Segundo o médico, o Ladetec, laboratório carioca credenciado pelo Comitê Olímpico Internacional, onde foram feitos os testes do Pan, não tinha um equipamento operacional com a mesma capacidade de detecção do canadense. Procurado pela reportagem, Francisco Radler de Aquino, coordenador do Ladetec, disse que não poderia falar sobre o caso nem confirmar se o laboratório estava ou não apto a realizar o mesmo teste de Montréal.
Rebeca Gusmão afirma que sofre de síndrome de ovários policísticos, tendo, assim, uma produção de testosterona acima do normal para mulheres.
Para De Rose, a alegação não é plausível. "O resultado dos dois exames não é que ela tem testosterona alta. Montréal mostrou, sem erro, que tem testosterona exógena, ou seja, não produzida pelo corpo."
Ele se refere ao positivo de julho e a um exame de 2006, um caso controverso envolvendo a atleta -à época, ela não foi suspensa preventivamente como agora. O julgamento deverá ocorrer só em 2008 na Corte de Arbitragem do Esporte.

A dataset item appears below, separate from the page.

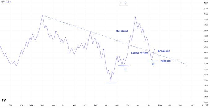 $ETH - Weekly OBV matches sentiment about the confusing year it's been. Making a bullish higher low with a nice breakout but then absolutely no re-test, but then still pulls out a bullish HL, fakeout trap, then instant breakout. Somehow, after everything, still bullish though.

"Não tinha nada errado em 2006. Eu fiz o exame, deu positivo, foi para a Fina e, não sei por que, ela nunca divulgou o resultado. Posso imaginar que houve alguma divergência entre a CBDA e a Fina, mas não sei qual", afirmou De Rose.
"Eu conheço o laboratório de Montréal como a palma da minha mão, trabalho há 20 anos com eles e nunca vi um erro. Tenho certeza de que não errou nesse caso", completou ele.

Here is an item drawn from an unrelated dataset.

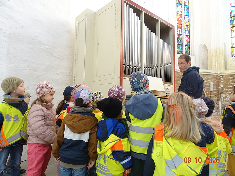 Besucht wurde die Petrikirche: Die Kirche wurde von innen betrachtet, die Architektur und den Raum erkundet. Ein Orgelspiel haben wir ebenfalls angehört und dabei die Klangfarben wahrgenommen. Ein weiteres Highlight war der Aufstieg zum Turm – mit dem Fahrstuhl ging es hinauf, und von oben bot sich ein beeindruckender Blick über Rostock. Die Ferne und die Nähe der Dächer, Türme und Straßen gaben Impulse für eigene kreative Interpretationen.

O impasse ficou engasgado para o médico. Além de pedir o teste surpresa para a Fina, ele solicitou a análise do DNA das amostras de urina de Rebeca colhidas no Pan. Os exames não apontaram uso de doping.
O resultado apontou dois DNAs diferentes em duas das amostras, o que poderia configurar fraude. "A urina é como impressão digital e, olhando as curvas hormonais dos exames da Rebeca, vi que dois deles tinham um padrão, e outro estava totalmente fora. Por isso, pedi o DNA", disse De Rose.
O médico evita falar, porém, sobre como a nadadora teria burlado o exame. Ele diz que seu trabalho é provar que houve manipulação, e não investigar como ela aconteceu.
"No Pan, muita gente veio me falar sobre a possibilidade de a Rebeca estar dopada. Até meu netinho, de dez anos, me perguntou: "Você está cego?". Expliquei a ele que uma coisa é achar, outra é provar. Mais do que pegar quem ganha ou perde, a prioridade é testar onde você acha que está [o doping]."
"Quando um atleta mostra mudanças radicais no corpo ou no rendimento, a gente bota uma marca. Foi o caso da Rebeca, eu já estava em cima."